To compile and install Hadoop’s LZO compression library on CentOS, following the steps below:
Download hadoop LZO source from Kevin’s Hadoop LZO Project.
If you are using Ant version of < 1.7, please download latest ant binary pacakge from Apache Ant, otherwise you will get the following error when compiling:
BUILD FAILED /root/kevinweil-hadoop-lzo-4c5a227/build.xml:510: Class org.apache.tools.ant.taskdefs.ConditionTask doesn't support the nested "typefound" element.
Install lzo-devel:
yum install lzo-devel.x86_64 yum install lzop.x86_64
Unzip Apache Ant and Hadoop LZO Compression Library to somewhere you have access to.
unzip kevinweil-hadoop-lzo-4c5a227.zip cd kevinweil-hadoop-lzo-4c5a227
Do the following if your ant version is less than 1.7:
export ANT_HOME=
Then
compile-native tar
In my case is
~/apache-ant-1.8.2/bin/ant compile-native tar
Carefully check the compiler output, if you see errors like this:
[exec] checking for strerror_r... yes [exec] checking whether strerror_r returns char *... yes [exec] checking for mkdir... yes [exec] checking for uname... yes [exec] checking for memset... yes [exec] checking for JNI_GetCreatedJavaVMs in -ljvm... no [exec] checking jni.h usability... [exec] configure: error: Native java headers not found. Is $JAVA_HOME set correctly? [exec] no [exec] checking jni.h presence... no [exec] checking for jni.h... no BUILD FAILED /..../kevinweil-hadoop-lzo-4c5a227/build.xml:247: exec returned: 1
Then you will need to find your java path and update build.xml file and add “JAVA_HOME” setting on line 247, in my case is “/usr/lib/jvm/java/”

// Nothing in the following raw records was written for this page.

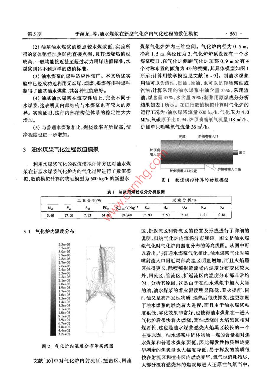 油水煤浆在新型气化炉内气化过程的数值模拟
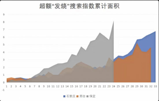 我们发现在这三个地区,当疫情达到顶峰时,这个“超额发烧搜索指数累计面积”的数值全部刚好达到80。这两个地区第一波疫情结束时,香港特别行政区的面积达到了160,台湾地区的面积达到了200,日本的最终面积是250。3)如果用百度搜索指数做类似的研究会有什么效果呢?我使用了本轮疫情进入群体感染最快、最早的石家庄、邢台和保定做了计算: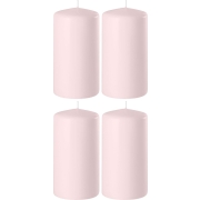4x Lichtroze cilinderkaarsen/stompkaarsen 6 x 15 cm 58 branduren -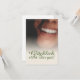 Kompliment Karte mit lachendem Frauengesicht und handschriftlichen Grüßen auf der Vorderseite der Karte. Restliche Flächen stehen zur freien Verfügung.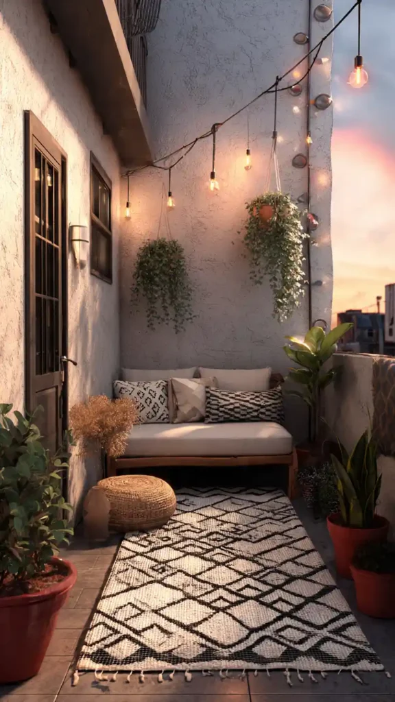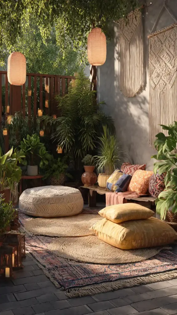Boho style brings warmth and texture. Layer outdoor rugs, floor cushions, and woven accents with plenty of potted plants. Keep colors soft and natural rather than overly bold. Lantern lighting adds atmosphere at night. Because furniture is low-profile, the space still feels open even with multiple decor pieces.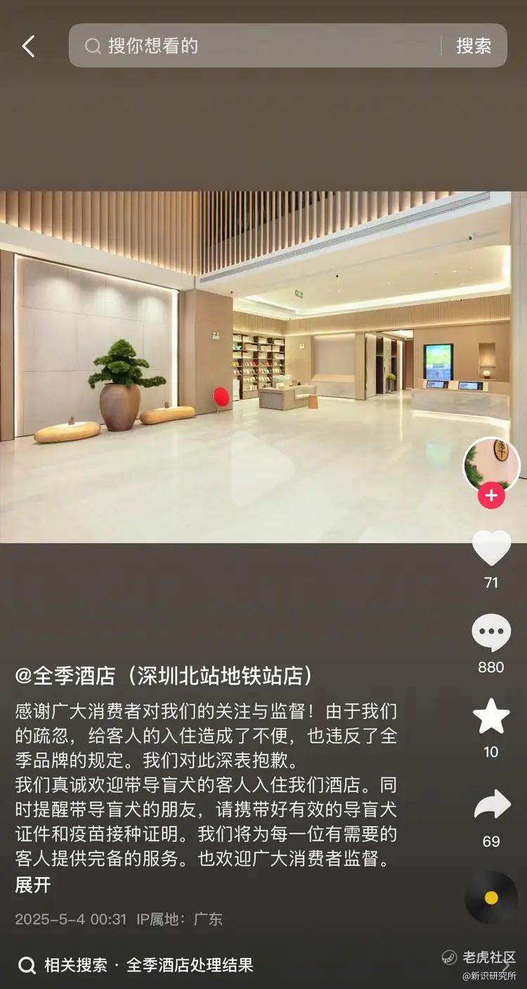 事后该酒店发视频进行道歉,称“我们真诚欢迎带导盲犬的客人入住我们酒店。同时提醒带导盲犬的朋友,请携带好有效的导盲犬证件和疫苗接种证明。我们将为每一位有需要的客人提供完备的服务。也欢迎广大消费者监督。”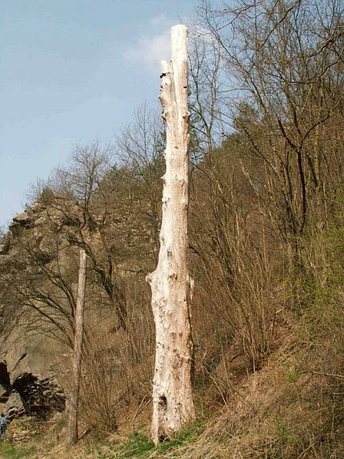 Nemohu se na tomto místě nezmínit o místní kuriozitě. Tou je starý suchý kmen u cesty, hned vedle skály. Osazen nýty a slaněním skýtá možnost neobvyklého polezení.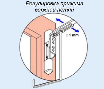 Настраивать петельный прижим можно обеим петлям сразу или только одной петле. Корректировать верхнюю петлю можно только откидывающимся створкам

and re-run the compiler again
compile-native tar
If everything goes well, you should get “BUILD SUCCESSFUL” message at the end of the compile process.
Now do
ls -al build
in the current directory and you will see the following files generated:
drwxr-xr-x 9 root root 4096 Oct 19 17:21 . drwxr-xr-x 6 root root 4096 Oct 19 17:21 .. drwxr-xr-x 4 root root 4096 Oct 19 17:21 classes drwxr-xr-x 3 root root 4096 Oct 19 17:21 docs drwxr-xr-x 6 root root 4096 Oct 19 17:21 hadoop-lzo-0.4.14 -rw-r--r-- 1 root root 62239 Oct 19 17:21 hadoop-lzo-0.4.14.jar -rw-r--r-- 1 root root 1824851 Oct 19 17:21 hadoop-lzo-0.4.14.tar.gz drwxr-xr-x 5 root root 4096 Oct 19 16:59 ivy drwxr-xr-x 3 root root 4096 Oct 19 17:12 native drwxr-xr-x 2 root root 4096 Oct 19 17:12 src drwxr-xr-x 3 root root 4096 Oct 19 17:12 test
The most important one is hadoop-lzo-0.4.14.jar which can be copied to hadoop’s library directory and ready to be used.
Hi, from what repo are you getting the lzo rpms? I get a “no package … available”. Thanks
Hi Antonio, it’s been a long time since I install it on the virtual machine which is no longer available. I believe that I did not modify the repository on the CentOS, so whatever defaulted to the system I guess.